Google, the tech giant, recently showcased its latest advancements in artificial intelligence (AI) at its annual developer conference, Google I/O. One of the most notable announcements was Project Astra, a universal AI agent that can understand and respond to users' queries in real-time. The technology is designed to be multimodal, meaning it can process both text and visual information from the environment.
Google's head of DeepMind and leader of its AI efforts, Demis Hassabis, has been working on AI for decades.

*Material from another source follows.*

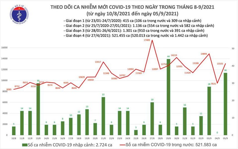 Tính từ 17h ngày 04/9 đến 17h ngày 05/9, trên Hệ thống Quốc gia quản lý ca bệnh COVID-19 ghi nhận 13.137 ca nhiễm mới, trong đó 36 ca nhập cảnh và 13.101 ca ghi nhận trong nước, trong đó có 7.521 ca trong cộng đồng.

He envisions Project Astra as a universal assistant that can accomplish tasks on behalf of users and improve trip planning features. Some AI agents may act as simple tools for getting things done while others will be more like collaborators and companions.
Google's Gemini 1.5 Flash model is designed to be faster for common tasks such as summarization and captioning, while the Gemini Nano model is supposedly faster than ever for local use on devices like smartphones. The context window for the Gemini Pro has been doubled to 2 million tokens, improving its ability to consider information in a given query.
Project Astra can see the world, identify objects and locations, answer questions, and assist users in various tasks near real-time. Google is focusing on developing AI agents that can accomplish tasks on behalf of users. Hassabis envisions some AI agents as simple tools for getting things done while others will be more like collaborators and companions.
Google's Project Astra technology will come to the Gemini app later this year, allowing users to point their phone camera to nearby objects and ask relevant questions such as 'What neighborhood am I in?' or 'Did you see where I left my glasses?'. The company also announced Music AI Sandbox, a group of AI tools that can help artists create music with DeepMind and YouTube.
Google's rivals in the high-stakes AI competition include Microsoft, Meta, Amazon, OpenAI, Anthropic, and Perplexity. Google Search has already answered billions of queries with Gemini technology and is now incorporating multi-step reasoning in search. For example, it can find the best-rated yoga studios in Los Angeles and calculate the walking distance from each while offering the cost per class all from one search query.
Google's Alphabet CEO Sundar Pichai announced that Google will roll out AI capabilities in its flagship search product to all U.S. users this week, making it more accessible and convenient for everyone.